Le Marchand de Venise est une comédie de la lutte entre Usure et Amitié, Vengeance et Pardon, Discordance et Harmonie, une lutte qui se dissout sereinement. (...) Conte, comédie sombre, morale ou commedia dell’arte ? La matière brute a été collectée dans l’inconscient de Shakespeare, c’est seulement le maître de la scène qui lie les situations de manière consciente. Cependant, le faiseur est en même temps poète, et la matière première enchantée reflète la plénitude de la vie, même lorsqu’il ne veut qu’on le prenne trop au sérieux.
László Cs. Szabó: Velencei uzsora, belmonti muzsika [Usure à la vénitienne, musique de Belmont]

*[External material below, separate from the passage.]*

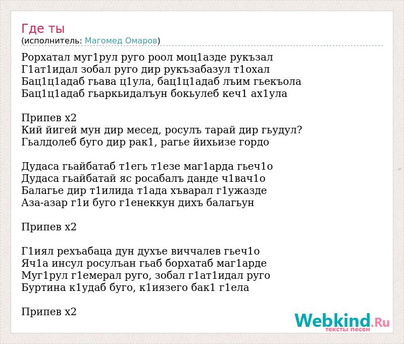 Рорхатал муг1рул руго роол моц1азде рукъзал Г1ат1идал зобал руго дир рукъзабазул т1охал Бац1ц1адаб гьава ц1ула, бац1ц1адаб лъим гьекъола Бац1ц1адаб гьаркьидалъун бокьулеб кеч1 ах1ула Припев х2 Кий йигей мун дир месед, росулъ тарай дир гьудул? Гьалдолеб буго дир рак1, рагье йихьизе гордо Дудаса гьайбатаб т1егь т1езе маг1арда гьеч1о Дудаса гьайбатай яс росабалъ данде ч1вач1о Балагье дир т1илида т1ада хъварал г1ужазде Аза-азар г1и буго г1енеккун дихъ балагьун Припев х2 Г1иял рехъабаца дун духъе виччалев гьеч1о Яч1а инсул росулъан гьаб борхатаб маг1арде Муг1рул г1емерал руго, зобал г1ат1идал руго Буртина к1удаб буго, к1иязего бак1 г1ела Припев х2

Le spectacle se déroule dans le monde froid de la technologie moderne où, par opposition, les passions sont énormes. Des passions qui signifient d’abord narcissisme et égoïsme. En même temps, ces personnages sont également les prisonniers de certaines situations.
Ici, personne ne choisit de renoncer à tout ou de déclarer que l’argent ne l’intéresse pas. Tous agissent selon leur propre intérêt, tout est manipulé par un réseau complexe d’intérêts et d’alliances. Bien entendu, chacun des personnages a des émotions fortes, sincères, ils ont leur part du sexe, de l’amour, de l’érotisme. Mais ce ne sont pas les moteurs de leurs décisions. Les personnages ne croient que provisoirement dans la primauté de ces choses. L’égoïsme et l’intérêt propre interviennent dans toute décision qu’ils prennent. Si l’on réfléchit à cette idée, on pourrait créer un théâtre d’une cruauté terrible. Évidemment, avec des éléments propres à la comédie, des situations comiques, mais en substance une course avide, pleine de férocité, à l’« immortalité », à la survivance ou au bonheur.